Além disso, tal conceito também colabora para uma ideia de que os índios, incapazes, estão condenados implicitamente ao desaparecimento, o que é desmentindo pelas próprias estimativas oficiais que afirmam o crescimento surpreendente da população indígena no Brasil nos últimos anos.

Ao tratar os índios como “tribos”, o texto remete a uma concepção superada de hierarquização sociológica onde se diferenciavam nações, povos, etc., cabendo as “tribos”, o último degrau de uma suposta escala de evolução sociocultural, pensada do ponto de vista Ocidental ou mais precisamente eurocêntrica. Ou seja, existem “tribos” na Europa moderna?! Ao nomearmos povos indígenas, não se trata apenas de uma questão meramente semântica, porém o reconhecimento de grupos humanos que possuem história e expressões socioculturais específicas na História do Brasil, e não fora dela, se tratando ainda de coletividades que possuem na maioria das vezes uma História muito anterior ao próprio Brasil, ao próprio Estado brasileiro.

A ênfase, como aparece no texto em questão, na nossa herança cultural indígena, seja por meio do “artesanato” (porque não Arte Indígena?!), nas “lendas” (por que não mitos indígenas?!), músicas, etc., etc., remete ao assinalado exotismo cultural: uma imagem do índio como um ser alienígena de quem se quer superficialmente conhecer a ‘cultura do índio’ em seus apetrechos materiais visíveis, que seleciona-se, em grande parte das vezes, a partir do ponto de vista consumista. Um consumo do exótico! Desprezando-se, ignorando-se, uma discussão aprofundada da importância das expressões das sócio-diversidades, dos saberes, das formas de ser e das organizações sociopolíticas indígenas, para a história da humanidade e do próprio país.

As concepções aqui assinaladas e questionadas são muito comuns na grande maioria dos textos jornalísticos, em geral, e também em publicações especializadas. O que revela abordagens que não são baseadas em pesquisas e estudos especializados sobre o tema.

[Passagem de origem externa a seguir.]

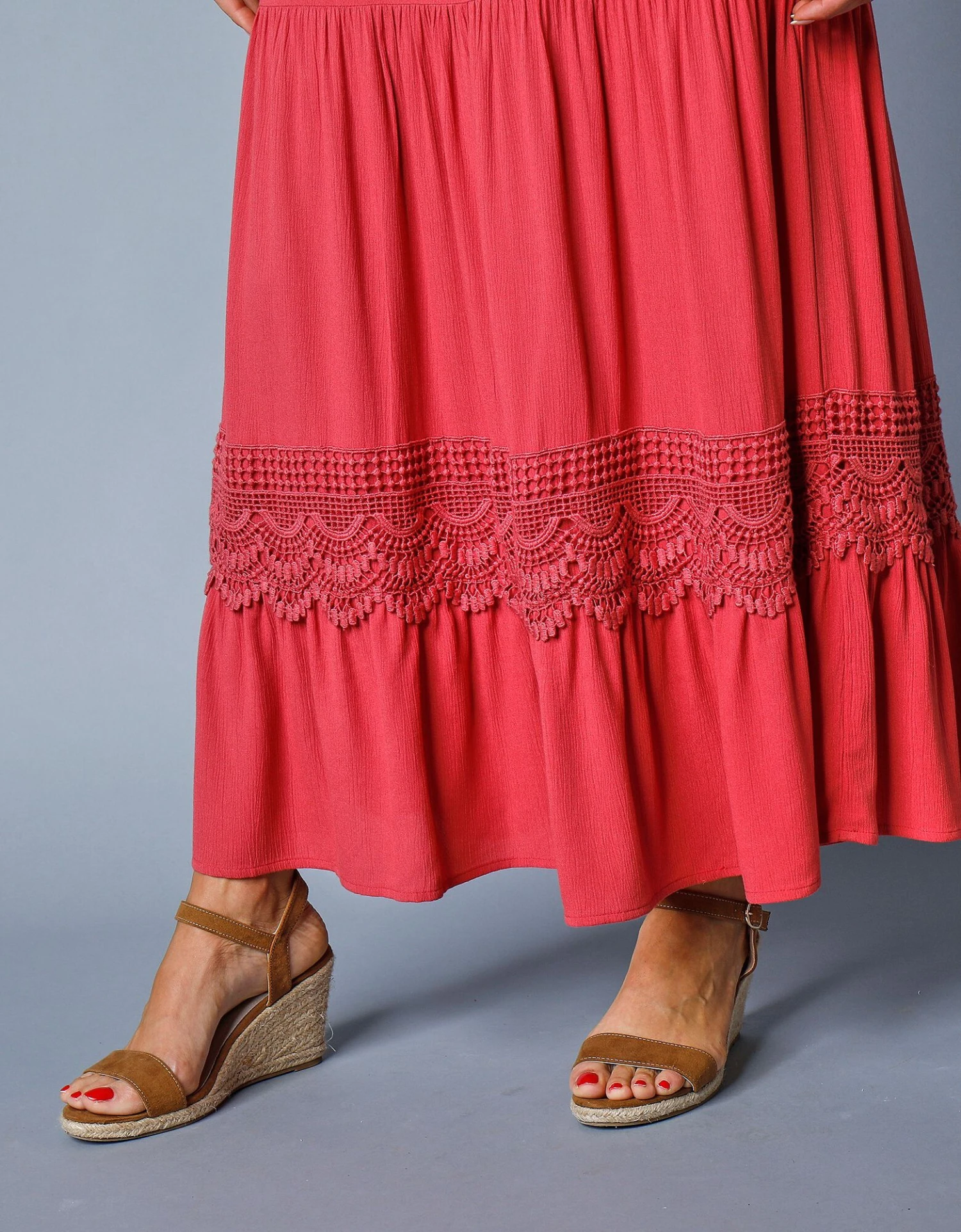 – 3 volants sous la découpe taille dont 1 souligné de macramé
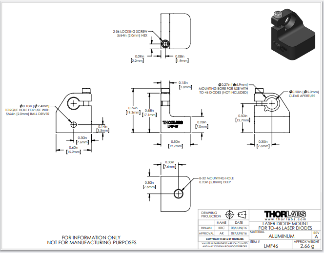 Thorlabs索雷博     LMF46 - 激光二极管安装座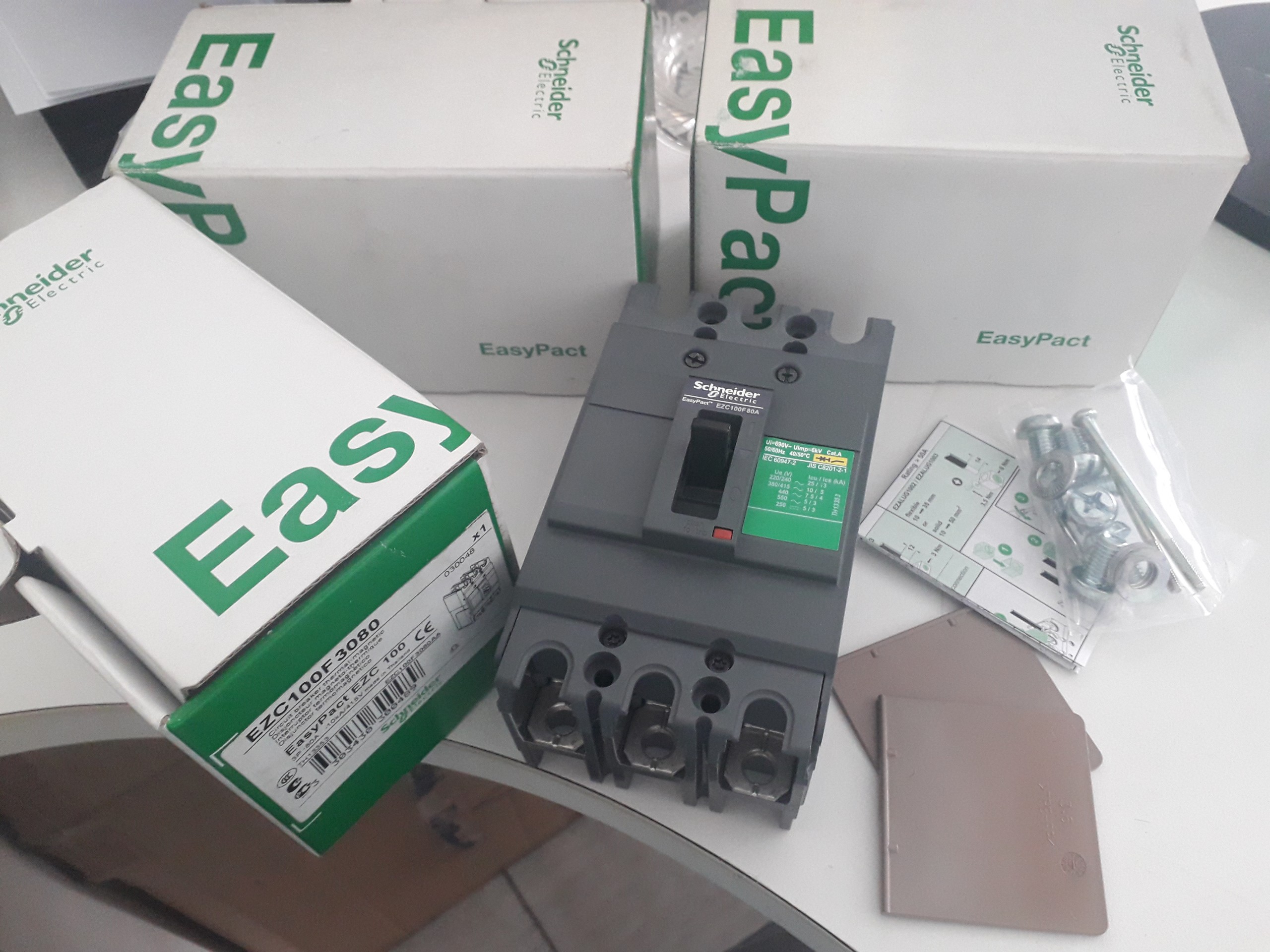 Schneider Easypact CVS100F 3P 80A: Aptomat 3P 80A, Icu 36kA, Ics 36kA IEC 60947-2 Ampere frame (AF) 100A (Khung kích thước chế tạo) Rated current(A) (0.7-1)*80A-100A (dòng điện định mức) Ultimate breaking capacity(kA), Icu 36kA

Os povos indígenas inegavelmente ocuparam o cenário sociopolítico em nosso país e a partir de suas mobilizações conquistaram nos últimos anos o (re)conhecimento, o respeito e a garantia a seus direitos específicos e diferenciados. Contribuindo com isso nas discussões sobre as diferenças socioculturais, para se repensar em um novo desenho do Brasil em suas diversidades e pluralidades. Ou melhor, em suas sócio-diversidades.

Esse reconhecimento exige também outras posturas da sociedade e medidas das autoridades governamentais em ouvir dos diferentes sujeitos sociais, as necessidades de novas políticas públicas que reconheçam, respeitem e garantam essas diferenças. A Lei 11.645/2008 determinou a inclusão do ensino da história e culturas indígenas nos currículos escolares, ainda que careça de maiores definições, objetivou a superação dessa lacuna na formação escolar. A medida legal contribui para o reconhecimento e a inclusão das diferenças étnicas dos povos indígenas, para se repensar o país, a História do Brasil.

Os textos publicados, sejam jornalísticos, sejam em revistas especializadas, nos livros didáticos, ou ainda no ambiente acadêmico, devem estar sintonizados com as demandas sociais. Caso contrário, permanecerão reproduzindo, perpetuando antigas desinformações, equívocos e preconceitos sobre os povos indígenas.

* Doutor em História Social pela UNICAMP. Professor no Centro de Educação/Col. de Aplicação da UFPE, leciona no Programa de Pós-Graduação em História/UFPE e no Programa de Pós-Graduação em História/UFCG (Campina Grande/PB). Com vários artigos publicados sobre a história indígena e pesquisas que desenvolve junto ao povo Xukuru do Ororubá (Pesqueira e Poção/PE).

OBS: O texto foi compartilhado por e-mail em abril de 2012 e, posteriormente, publicado no site da ANPUH-PE.